Swiss drivers are waking up to a harsh new reality as petrol prices skyrocket by a staggering 10 to 15 percent in just over a week. The psychological barrier of CHF 2 per litre is no longer a distant threat—it is an imminent certainty. Just four days ago, the Touring Club of Switzerland (TCS) recorded an average price of CHF 1.74 for unleaded 95. Today, those figures have vanished from the boards, replaced by rapidly climbing numbers that reflect the chaos unfolding in the Middle East.
The volatility is unprecedented. Following airstrikes involving the US, Israel, and Iran, the market has reacted with brutal speed. Avenergy Suisse has issued a stark warning: fuel and naphtha prices are poised to rise sharply in the coming days. This is not a gradual fluctuation; it is a shock to the system that will hit every commuter and business in the confederation immediately.

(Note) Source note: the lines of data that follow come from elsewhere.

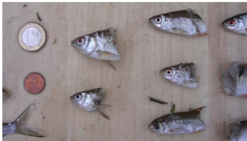
Turbines zijn helaas nog steeds levensgevaarlijk voor vissen.

Later dit jaar hoopt Mashanden samen met de Technische Universiteit Delft de eerste proeven op schaal te kunnen doen. Met zijn eigen buisvijzel als pomp én turbine wil hij met hoog rendement water uit een modelbassin als pomp én turbine wil hij met hoog rendement water uit een modelbassin als pomp en het vervolgens terug te laten stromen en daar stroom uit te
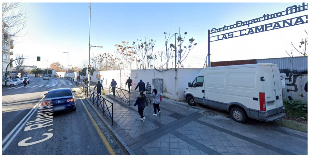
Vista desde calle Ribera del Beiro, extremo este:
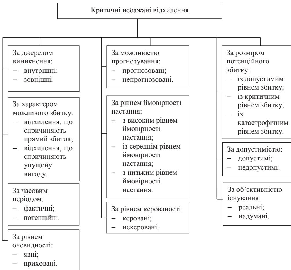
Рис. 2. Типологія критичних небажаних відхилень у діяльності підприємств

Як свідчать результати виконаних автором досліджень, ефективно функціонуючи, система стрес-менеджменту на підприємстві сприяє істотному зниженню негативних явищ, а також прискорює час реагування на наслідки особистісних, групових чи корпоративних стресів. Окрім того, така

The root of this economic turbulence lies thousands of kilometers away, where the Strait of Hormuz—a jugular vein for global energy—is now effectively paralysed. Attacks on merchant ships have brought maritime traffic to a standstill in a corridor responsible for one-fifth of the world's crude oil transit. The markets have reacted with panic: Brent crude prices surged to a peak of nearly $120 per barrel overnight, marking a dramatic 70 percent increase since February 27.
This represents the highest price level since the energy crisis triggered by the Ukraine conflict in 2022. With refineries reducing capacity and tankers unable to navigate the strait, the supply chain is fracturing. While Switzerland is not directly involved in the conflict, the interconnected nature of the global energy market means the Swiss economy is fully exposed to these geopolitical shockwaves.

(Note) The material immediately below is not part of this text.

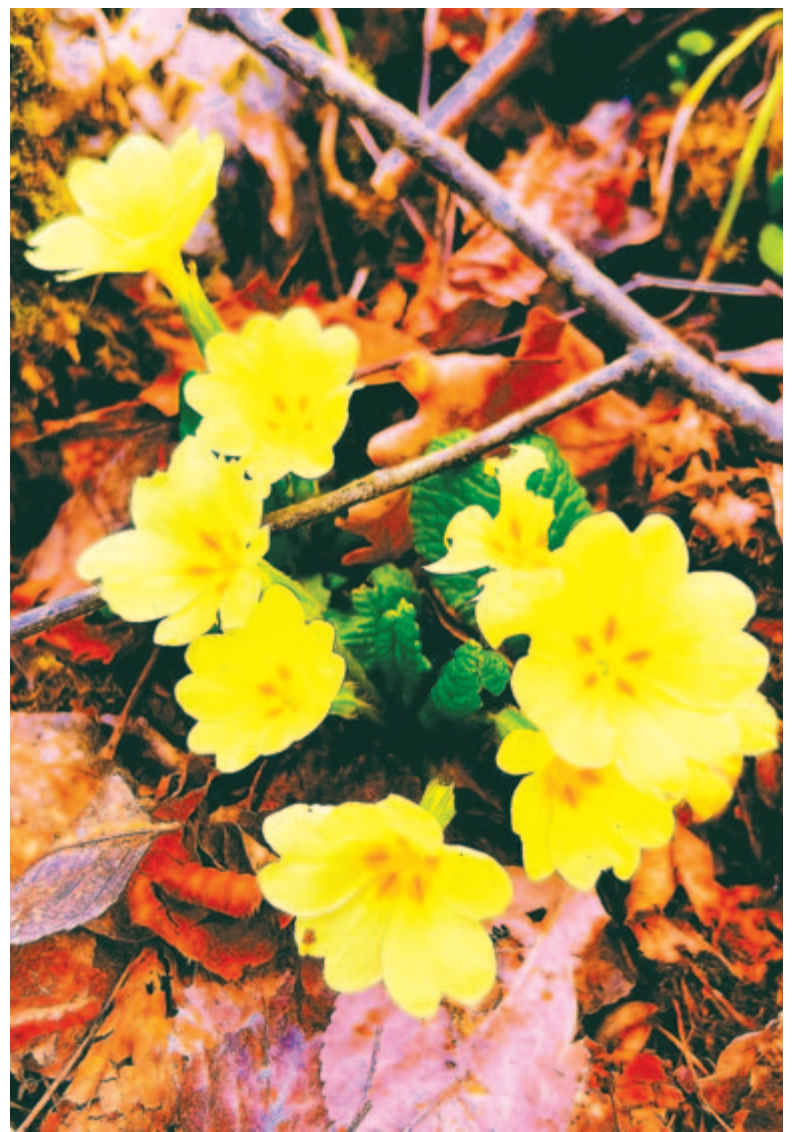
Kankalinok – a múlt nyáron meghalt virágok lelkei

For the Swiss consumer, the forecast is grim. Erich Schwizer, an industry expert at TCS, predicts that unleaded 95 will hit CHF 1.90 by this Friday, while diesel is expected to soar to a punishing CHF 2.20 per litre. The disparities between stations are widening, but the overall trend is undeniably upward. Independent stations may offer slight relief, but the days of sub-1.75 CHF petrol are, for the moment, history.
"Based on market prices in Rotterdam, new increases are expected," Schwizer confirmed. This surge is not merely speculative; it is a direct calculation based on the exploding cost of crude. As stock exchange data dictates the trend, Swiss households must prepare for a significant dent in their monthly budgets. The rapid escalation forces a difficult question: how high can prices go before mobility becomes a luxury?
Despite the market turmoil, the Federal Office for National Economic Supply (FONES) maintains a stance of calculated calm. Authorities emphasize that Switzerland's immediate supply of oil products remains "secure." The nation sits on a strategic cushion: mandatory reserves capable of covering the country's consumption for approximately three to four and a half months.
While the short-term price impact is unavoidable, the physical availability of fuel is not currently at risk. The federal government stands ready to release these reserves should the blockage in the Strait of Hormuz lead to genuine shortages. However, this safety net does not shield consumers from the price hikes dictated by international trading. As the conflict unfolds, Switzerland remains vigilant, watching a volatile horizon where energy security is no longer guaranteed by the market alone.